I’ve previous blogged about cookies. Specifically that the HTTP standard could benefit from a using regex to for path matching . Well I took the idea to the http-state working group (or at least their mail-list ) at the IETF and floated it. The idea cannot really go forward as there is no consistent agreement amongst browser-makers as to what regex is, let alone implementing it in a browser for cookie matching purposes. Lastly, and most importantly regex can get incredibly complicated quickly, especially when trying to construct ‘not these and not these’ ones (see below).

Let me specify again, where this would be useful. Consider an web-application that in terms of URL looks like:

Location Type Size
example.com/ (index) dynamic 20K
example.com/account/edit dynamic 10K
example.com/account/new dynamic 10K
example.com/account/recover_password dynamic 10K
example.com/buy dynamic 10K
example.com/cart/checkout dynamic 15K
example.com/cart/view dynamic 15K
example.com/help/how_to_buy.swf static 543K
example.com/prod_img/ static 10K+ each
example.com/product_search dyanamic 12 - 50K
example.com/style/example_css_sprite.png static 120K
example.com/style/example_functions.css static 29K
example.com/style/example_style.js static 8K

Our wish for small to medium load sites is to set a small session cookie, or one or more larger cookies for stateless operations.The cookies could be persistent between visits to the site, or the result of a log in, it does not really matter.

What does matter, is that we do not need the browser to inform us of these cookies for the static resources (those in yellow above). The browser is going to send up the cookies by habit anyway. They could be quite large if we’re doing the stateless mode of operation for web-apps, and that could impact on the end-users perception of site performance.

The classic solution would be to move these to another domain name, or use a CDN, it get them closer to the end user for performance. If you’ve engineered that solution correctly, you don’t need to worry about the cookies, because it is a different domain name. While a CDN could be expensive, you’re going to do it anyway if you have thousands of page impressions a minute.

For small/medium sites though, it would be nice to keep things simple and serve them from one web-server.Nicer still would be a way to mark the static items as not requiring cookies.
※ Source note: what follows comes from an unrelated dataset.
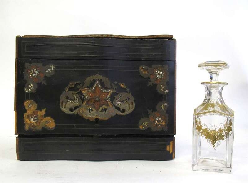 The serpentine shaped box of ebonized wood with marquetry inlay of brass, mahogany, and abalone in the shape of stars and foliate scrolls, the case opens to a gilt brass fitted interior complete with four decanters and sixteen cordials, all gilt painted with grapes and vines.

Here’s how the web server sets a cookie in the browser in the response to a resource request:

Set-Cookie: RMID=732423sdfs73242; expires=Fri, 31-Dec-2010 23:59:59 GMT; path=/; 

The problem is that the path is implicitly inclusive, and only one path can be set. A simple modification to the spec could be to allow comma separated paths:

Set-Cookie: RMID=732423sdfs73242; expires=Fri, 31-Dec-2010 23:59:59 GMT; path=/,/account/,/buy,/cart/,/product_search; 

But perhaps better still would be the allowing of paths that are logically “not these paths” (exclusive) as that is bound to be a shorter list:

Set-Cookie: RMID=732423sdfs73242; expires=Fri, 31-Dec-2010 23:59:59 GMT; !path=/help/,/prod_img/,/style/; 

Note the bang/shriek/exclamation mark before the word path to denote ‘not’.Hence I propose that HTTP 1.2 (or whatever) allows such a thing, unless there is a way to shoe-horn this into HTTP 1.1 somehow.

By the way, cookies per se have had some criticism this week from Google’s Michal Zalewski : HTTP cookies, or how not to design protocols and there’s a fierce debate raging in his blog comments.


November 1st, 2010